Coursera

Practice Lab: Linear Regression

Welcome to your first practice lab! In this lab, you will implement linear regression with one variable to predict profits for a restaurant franchise.

Outline

1 - Packages

First, let’s run the cell below to import all the packages that you will need during this assignment.

import numpy as np
import matplotlib.pyplot as plt
from utils import *
import copy
import math
%matplotlib inline

2 - Problem Statement

Suppose you are the CEO of a restaurant franchise and are considering different cities for opening a new outlet.

Can you use the data to help you identify which cities may potentially give your business higher profits?

3 - Dataset

You will start by loading the dataset for this task.

# load the dataset
x_train, y_train = load_data()

View the variables

Before starting on any task, it is useful to get more familiar with your dataset.

The code below prints the variable x_train and the type of the variable.

# print x_train
print("Type of x_train:",type(x_train))
print("First five elements of x_train are:\n", x_train[:5]) 
Type of x_train: <class 'numpy.ndarray'>
First five elements of x_train are:
 [6.1101 5.5277 8.5186 7.0032 5.8598]

x_train is a numpy array that contains decimal values that are all greater than zero.

Now, let’s print y_train

# print y_train
print("Type of y_train:",type(y_train))
print("First five elements of y_train are:\n", y_train[:5])  
Type of y_train: <class 'numpy.ndarray'>
First five elements of y_train are:
 [17.592   9.1302 13.662  11.854   6.8233]

Similarly, y_train is a numpy array that has decimal values, some negative, some positive.

Check the dimensions of your variables

Another useful way to get familiar with your data is to view its dimensions.

Please print the shape of x_train and y_train and see how many training examples you have in your dataset.

print ('The shape of x_train is:', x_train.shape)
print ('The shape of y_train is: ', y_train.shape)
print ('Number of training examples (m):', len(x_train))
The shape of x_train is: (97,)
The shape of y_train is:  (97,)
Number of training examples (m): 97

The city population array has 97 data points, and the monthly average profits also has 97 data points.
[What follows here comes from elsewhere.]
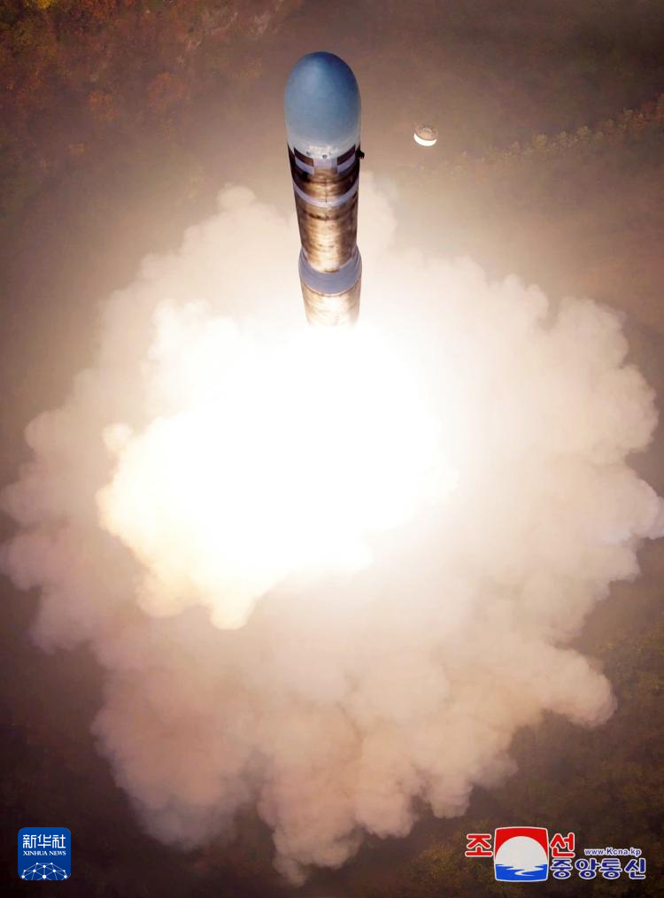 这是朝中社发布的最新型洲际弹道导弹点火升空的图片。

These are NumPy 1D arrays.

Visualize your data

It is often useful to understand the data by visualizing it.

# Create a scatter plot of the data. To change the markers to red "x",
# we used the 'marker' and 'c' parameters
plt.scatter(x_train, y_train, marker='x', c='r') 

# Set the title
plt.title("Profits vs. Population per city")
# Set the y-axis label
plt.ylabel('Profit in $10,000')
# Set the x-axis label
plt.xlabel('Population of City in 10,000s')
plt.show()

png

Your goal is to build a linear regression model to fit this data.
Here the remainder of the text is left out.